Thanks in advance for any advice.

Linette


----------



## daveomak (Dec 9, 2014)

Depends what the temperature was inside the smoker...   In the floor, left side, back half, there are electronics buried in there....  if they got overheated, it's more than likely toast....  At least, that's where they are buried in the MES 30.....


----------



## lpaciolla (Dec 9, 2014)

Thanks for your fast reply!

I think I will purchase a new one.  I would hate to buy parts and find out it still doesn't work.


----------



## daveomak (Dec 9, 2014)

Save the body for cold smoking..   OR, there are ways to add a heating circuit that is much better than Masterbuilts electronics...   You can go PID or


----------



## tjohnson (Dec 9, 2014)

Hmmmm???

Another Masterbuilt caught fire?


----------



## dls1 (Dec 9, 2014)

LPaciolla said:


> Thanks for your fast reply!
> 
> I think I will purchase a new one.  I would hate to buy parts and find out it still doesn't work.


LP,

Before buying a new unit or replacement parts, you should check to see if your model matches up with any of the Masterbuilt models on the US Consumer Product Safety Commission's recall advisories due to fire hazards. To see the most recent recall on file, click the link below.

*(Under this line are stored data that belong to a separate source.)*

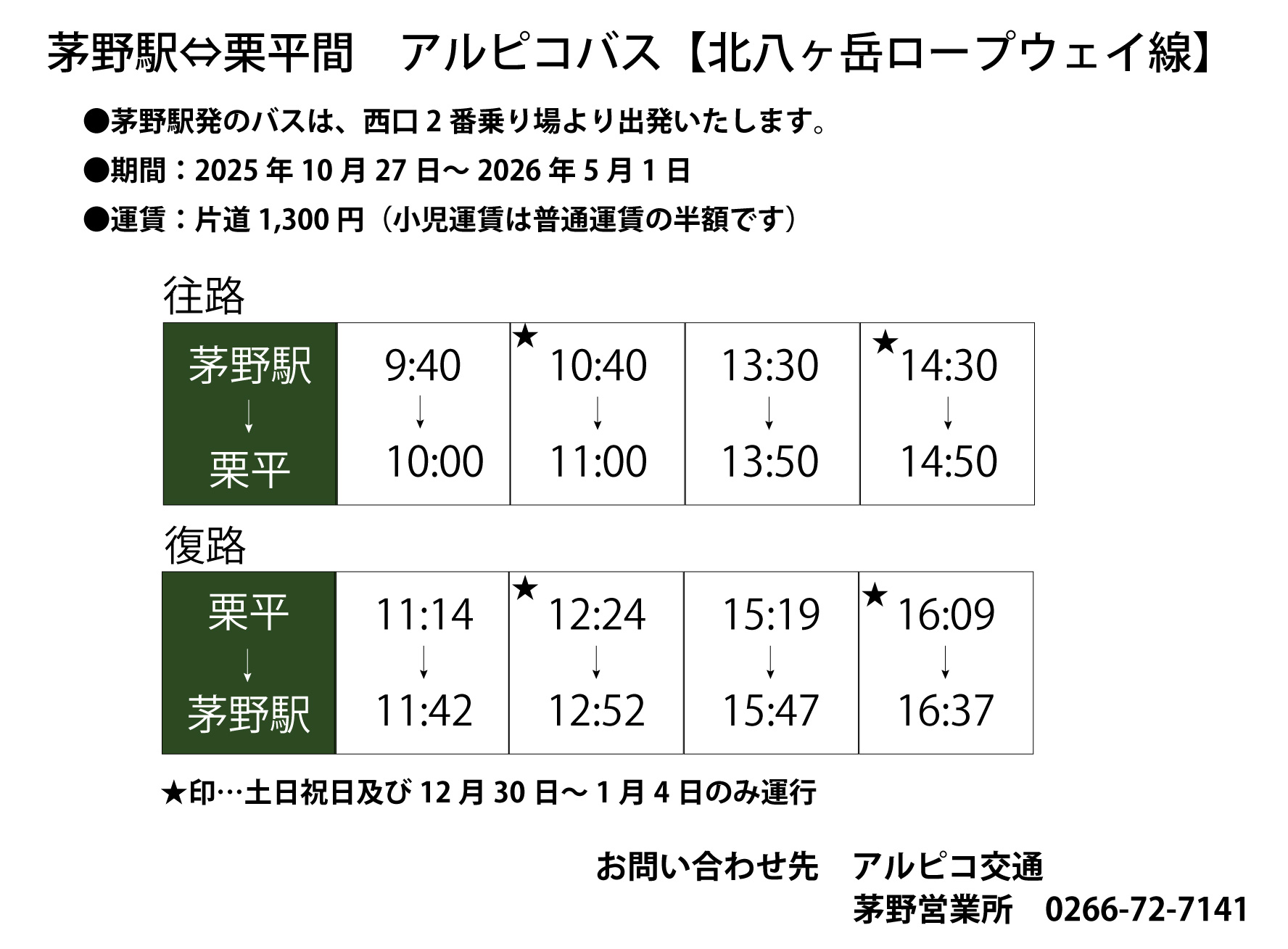 名古屋駅より中央本線塩尻駅で乗り換え、茅野駅下車。(約2時間30分) 茅野駅より北八ヶ岳ロープウェイ行きバス(約25分)で栗平バス停下車、目の前です。♦ バス時刻 ♦
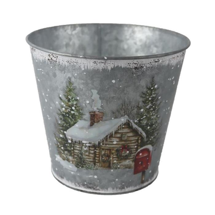 Stylový kulatý obal vyrobený z kvalitního plechu s jemným zimním motivem domu v zasněžené krajině. Ideální jako dekorativní doplněk, který přinese do vašeho domova kouzlo zimních svátků.
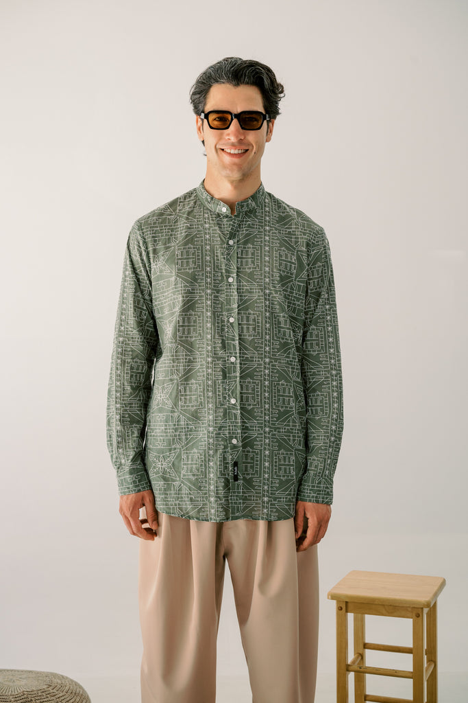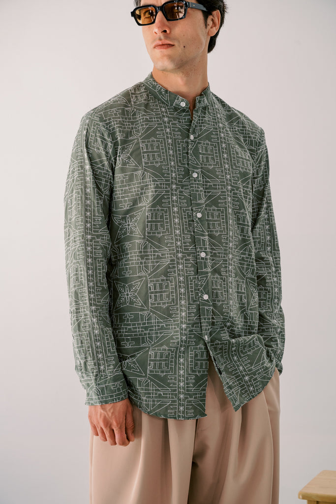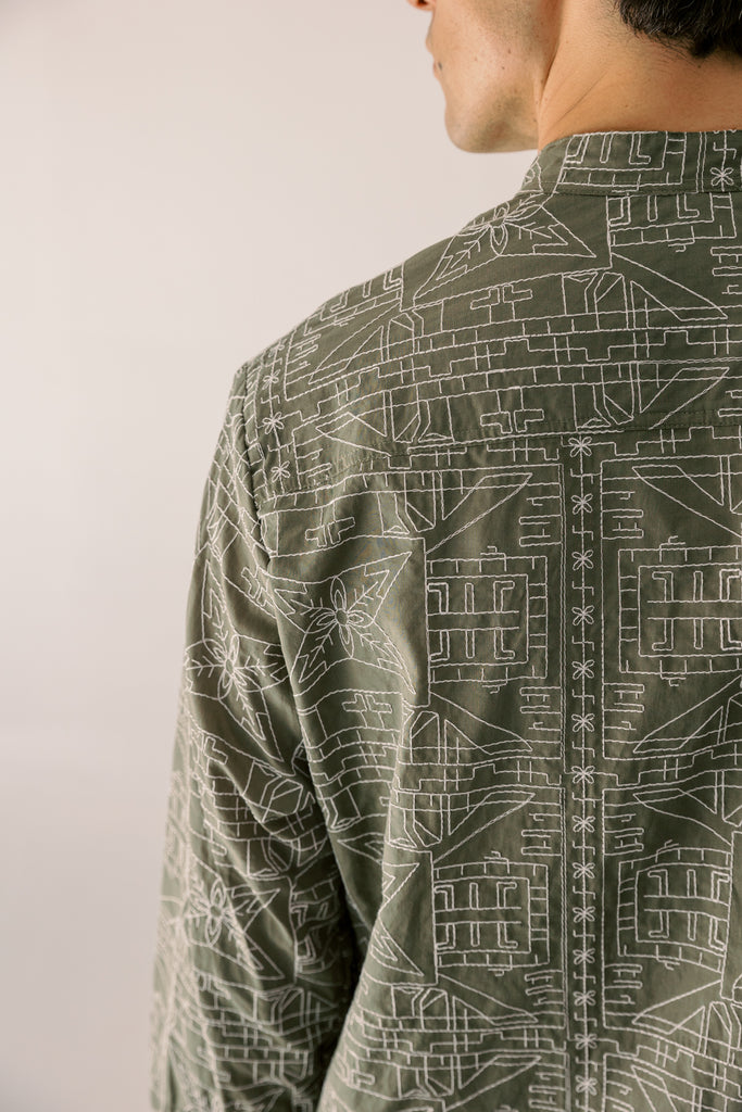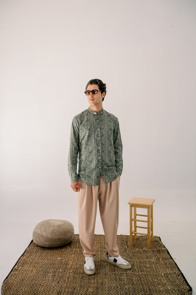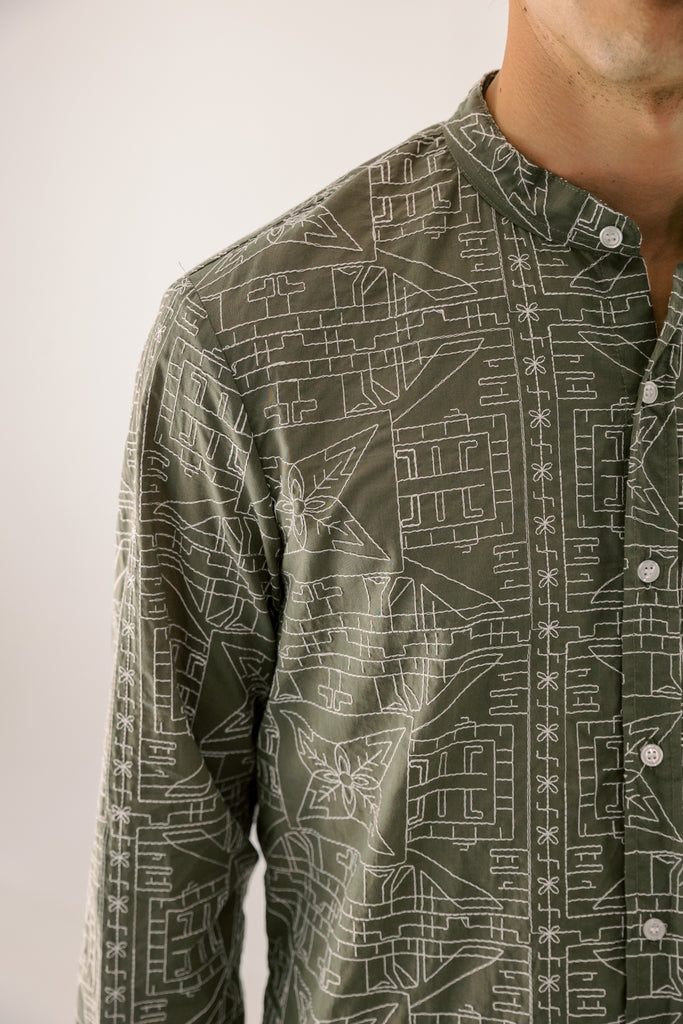 • Πουκάμισο με Μάο Γιακά με κεντημένο μοτίβο.
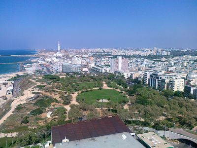 Situé entre la Place Atarim et le Boulevard Nordau, le parc repose sur une crête de kurkar de vingt mètres de hauteur.
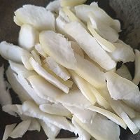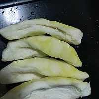 做法分解11:将柚子皮攥干水分,铺开,切成这样的三份,我们要头尾两份(中间方方正正的那块留着做另外一道美味的柚子皮菜,想了解的请耐心等待我的新菜谱)
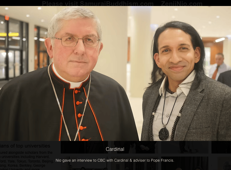 Zenji Nio has been invited to represent Buddhism at many events held by Jews, First Nations, Catholics, Christians, Hindus and Muslims. While Zenji Nio is strictly and exclusively Buddhist (like other religions, Japanese (Samurai) Buddhists are not allowed to endorse or partake in any other religious festivals as the Shogun and cardinal Buddhist texts ban the same), Zenji Nio has spoken at many events by interfaith leaders to represent Buddhism with accuracy and authenticity as the only Buddhist expert to know the original texts in Sanskrit and to have experienced Buddhism in all major nations including Japan, China and Korea -- the top 3 leaders of Asia -- as well as Sri Lanka and Thailand. While many textbook Buddhists spout cliches, Zenji Nio tells it like it -- in the way Buddhism is actually practiced by Asians that are 99% of Buddhists.
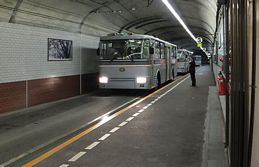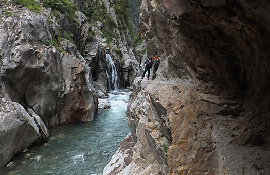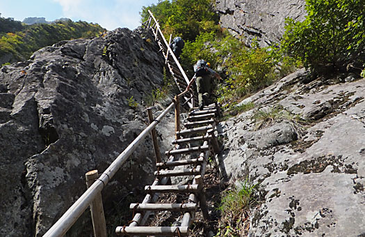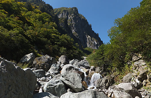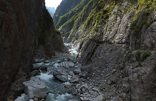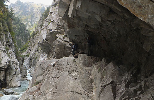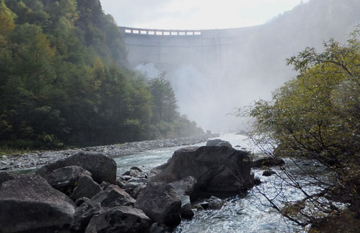 | 十字峡を後にして10分ほど進むと昨年10月に大崩落を起こした現場に差し掛かります。幅30mほどの岩盤がスッポリ抜け落ちるように崩れてしまい、長い間通行できない状態が続いていましたが、関係者の尽力で上画像のような桟道が取り付けられ、通行が再開されています。 その後も掘削路は 延々と続き ます。黒四ダムまで残り10kmほどのところが 白竜峡 と呼ばれるエリアで、黒四ダムから下流ではこの辺りの川幅が最も狭くなっており、川幅は10mを切るようになります。ここに来て黒部本流の流れが次第に白濁し始めました。十字峡を通過した頃には、きれいに澄み切っていたのと比べると様変わりです。原因は黒四ダムの観光放水が始まった影響のようです。白竜峡通過後も 掘削路くぐり や崩落しそうな現場を 高巻き で迂回する苦難のコースは延々と続きますが、通路と谷底の平均的な高度差は10m前後まで縮んで来ました。 本流に流れ込む大きな支流、 内蔵助谷 との合流点まで来ると、黒四ダムまでは1時間半を残すだけになります。ここで昼食を兼ねて少し長めの休憩を取ることにしました。ある人は調理を始めるし、ある人は沢水でタオルを濯ごうとして嵌ってしまう(深さは膝上ぐらいでしたが・・・)などと、40分ほどリラックスした時間を過ごし、最後の歩きにかかりました。40分ほど歩いたところで、対岸の山腹に人工の施設が目に入るようになります。更に20分ほど歩き、本流の屈曲部を通り過ぎたところで、巨大な黒四ダム本体のシルエット(下画像)が目に飛び込んで来ました。一同(5名)から歓声が上がります。ダム本体から500mほど下流で、本流に架かった橋を渡りますが、観光放流の飛沫が雨のように頭上から降り注いでいました。 河原からダム堰堤までは高度差200mほどの急登をこなさなくてはなりません。長い間水平歩道を歩いて来た足腰は、平地歩きに馴染みきってしまったのか、この最後の急登は実に応えました。太腿が攣りそうになるのを宥めつつ歩くこと30分、案内板の示すままトンネルに導かれて、 トロリーバス を見掛けたところで、今回の歩き旅は無事に終了しました。 今回行動を共にしして来た方々とは、それぞれ行き先が異なるので、ダムの堰堤上まで移動したところで別れました。この方々はルートの途中で出会って、何となく一緒に行動して来たのですが、お陰様で実に楽しい山旅になりました。この場を借りて改めて御礼を申し上げたいと思います。 ≪前の記事 |

http://www.cpsc.gov/en/Recalls/2013/Masterbuilt-Manufacturing-Recalls-Electric-Smokers/#remedy

Good luck.


----------



## jp61 (Dec 9, 2014)

Couldn't find a (official) wiring diagram. I'm pretty sure they all have (or should have) a thermal cut-off switch. What I'm not sure of is whether they're auto-reset or manual. Just guessing here..... do to the fire, temperature inside the smoker could have reached the cut-off switch's limit and opened up. If that switch is not closed for whatever reason the heating element will not get energized.


----------



## lpaciolla (Dec 10, 2014)

Thank you everyone for all the ideas and info.  I am going to get a new one but I will keep the body, thank you Dave for the idea.  dls1 I did check to see if it had been recalled and it wasn't the same model number.  I think I will go with a charcoal smoker instead of electric.


----------



## b-one (Dec 10, 2014)

Check out a WSM(weber smokey mountian)there great smokers!


----------